Community and employer steps:
– Employers can share neutral notices about rights without asking about anyone’s status.
– Schools, clinics, and places of worship can clarify who may enter sites and under what conditions.
– Community centers can host plain-language workshops on what to do if agents approach.
Ongoing legal battle and what’s next
Even as litigation continues, federal teams show no sign of backing away from interior operations. Bovino’s vow—“We’re here to stay. We’re not going anywhere.”—has become a guiding statement for Border Patrol units rotating through Sacramento and beyond.
What to expect:
– More court rulings later this year that could set clearer limits on roving patrols and who can be stopped near worksites and stores.
– Potential adjustments in federal tactics depending on judicial outcomes: more targeted arrests or closer coordination with federal prosecutors if restraints harden, or broader sweeps if restraints are lifted.
– Continued tension between federal enforcement aims (aided by H.R.1
’s $170 billion) and California’s sanctuary laws and court-ordered protections.
Where to find resources
For plain-language guidance and official updates, the California Attorney General’s Office maintains know-your-rights materials, legal contacts, and community resources here: California Attorney General’s immigration resources.
State officials say they will update these pages as court rulings and federal directives evolve.
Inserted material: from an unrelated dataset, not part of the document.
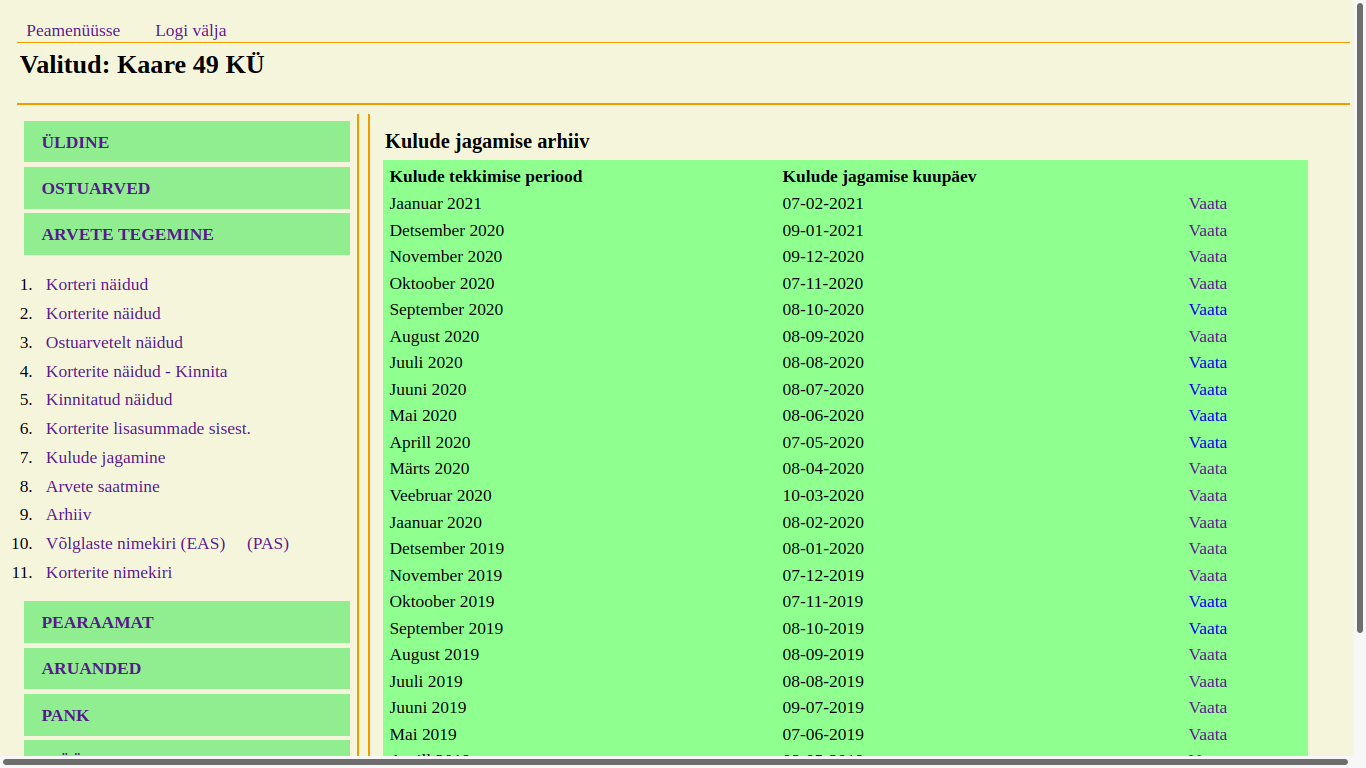 Nii raamatupidaja kui korteriomanikud näevad alati, kuidas arveid jagatud on, vajutades Vaata näed järgmisel pildil olevat infot.

Community groups encourage sharing printed materials with family members who may lack steady internet access.
Summary of the situation
- Federal interior operations under Gregory Bovino’s El Centro sector have expanded into Sacramento and other interior parts of California, backed by new federal funding and White House enforcement priorities.
- Courts have issued injunctions limiting warrantless roving sweeps and requiring detailed documentation, but legal battles are ongoing across federal districts.
- The enforcement surge has produced significant human and economic impacts—disrupting families, workplaces, and community trust—while legal advocates press claims of constitutional and civil-rights violations.
- The months ahead will likely determine how broadly federal agents may operate in sanctuary states and how courts will enforce constitutional safeguards in the field.
This Article in a Nutshell
In July–August 2025, Border Patrol Chief Gregory Bovino expanded aggressive interior immigration enforcement into Sacramento, staging high-profile raids and conducting roving patrols at worksites and retail locations. The operations coincide with President Trump’s enforcement agenda and the passage of H.R.1 on July 7, 2025, which allocates over $170 billion to immigration enforcement. Civil-rights groups and state officials challenged the tactics; on August 1 a federal judge temporarily paused warrantless sweeps in the Central District and injunctions now require reasonable suspicion and detailed documentation of stops. The federal appeals court declined DHS’s bid to lift those restrictions. The surge has produced family separations, workforce disruptions, and strained legal services, while state leaders invoked SB 54 and filed lawsuits. With detention numbers and monitoring already high in California, the interplay of new funding, federal directives, and court rulings will determine how broadly interior operations proceed and whether constitutional protections are effectively enforced.